Trace thought of his suspicions about Mae’s reason for bringing them together. Not that he intended to get too carried away trying to see that all of her wish came true, but celebrating this Christmas with her niece was the least he could do for the woman who’d believed in him.
“You said yourself that you think she’s watching over you,” he reminded Savannah. “What makes you think she’s not here right this second, gloating over having gotten us up here to celebrate the holiday and her memory at the same time?”
Savannah’s expression brightened. “You’re absolutely right! Let’s not disappoint her. We’ll make this the most memorable holiday ever.

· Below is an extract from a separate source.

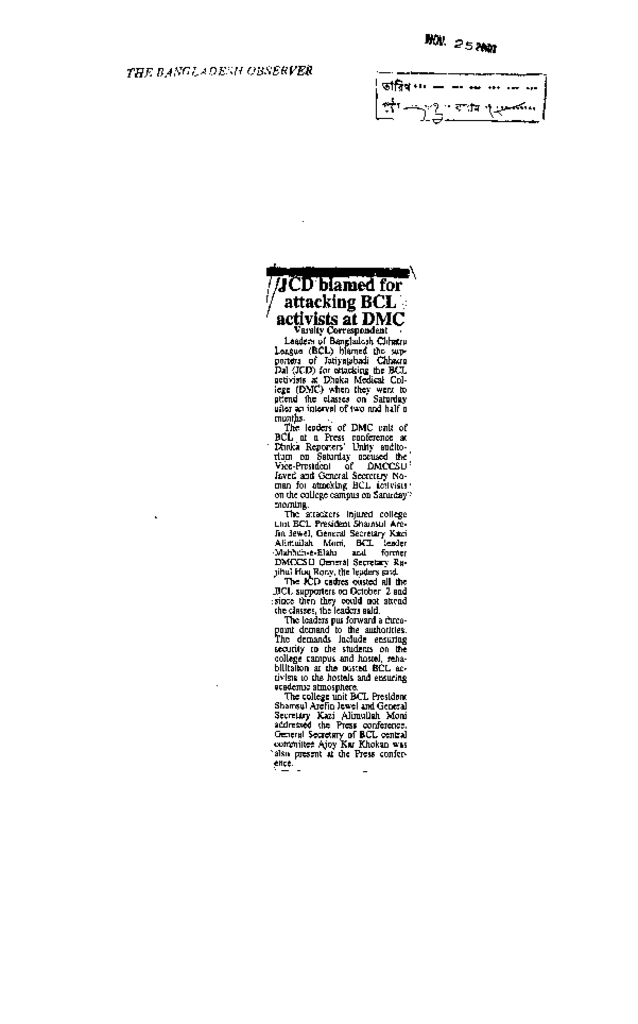 JCD blamed for attacking BCL activists at DMC Published on Newspaper The Bangladesh Observer Category Student Politics Download

We’ll do everything just the way she used to do it, from the greens in the front hall to the candles on the mantel and in the windows.”
“Perfect,” he said enthusiastically. “Give me a minute to call my office and change, and I’ll meet you and Hannah out front. We’ll find the best tree on the tree farm.”
“It has to be huge,” Savannah warned.
He hesitated, phone receiver in hand. “How huge?”
“Really, really big.” She held her arms wide. “And very, very tall.”
“How were you and Hannah going to get such a huge tree back here by yourselves?”
“I was counting on help.”
“Are you sure you didn’t know I was coming?”
“Nope. Mr. Johnson has a truck. He also has a fondness for Mae’s sugar cookies.”
Trace winced. “The ones on the kitchen floor?”
“Those are the ones.”
“Think he’ll accept any other sort of bribe?” he asked, knowing that he was going to hate the alternative if Mr. Johnson declined to haul that tree.
“Nope. I think this tree is riding in your pristine, shiny SUV, shedding needles all the way,” she said happily.
Trace groaned. “I was afraid of that.”
She patted his hand, sending a jolt of awareness through him.
“I’ll go get a blanket to lay in the back,” she said soothingly. “Now, hurry, or you’ll have Hannah to deal with. Trust me, she’s worse than a nagging splinter when she’s anxious to get someplace. Right now she’s making a family of snow angels on the front lawn, but her enthusiasm for that will wear off shortly.”
“I’ll hurry,” Trace promised, unable to tear his gaze away as she left the room. He sighed, then dialed his office.
Two minutes later, he’d told his stunned secretary to shut the company down until after the new year, changed into warmer clothes and was heading out the front door, only to be greeted by squeals of delight as Hannah upended her mother into a snowbank. Savannah was sputtering and scraping snow out of her mouth. There was a dangerous glint in her eyes as she regarded her traitorous daughter.
Oblivious to her mother’s reaction, Hannah spotted Trace. Emboldened by her success with her mother, she raced in his direction. Trace braced for the hit. “Oh, no, you don’t,” he said, scooping her up when she would have tried to knock him on his backside. He held out a hand and helped Savannah up, even as Hannah tried to squirm free of his grip.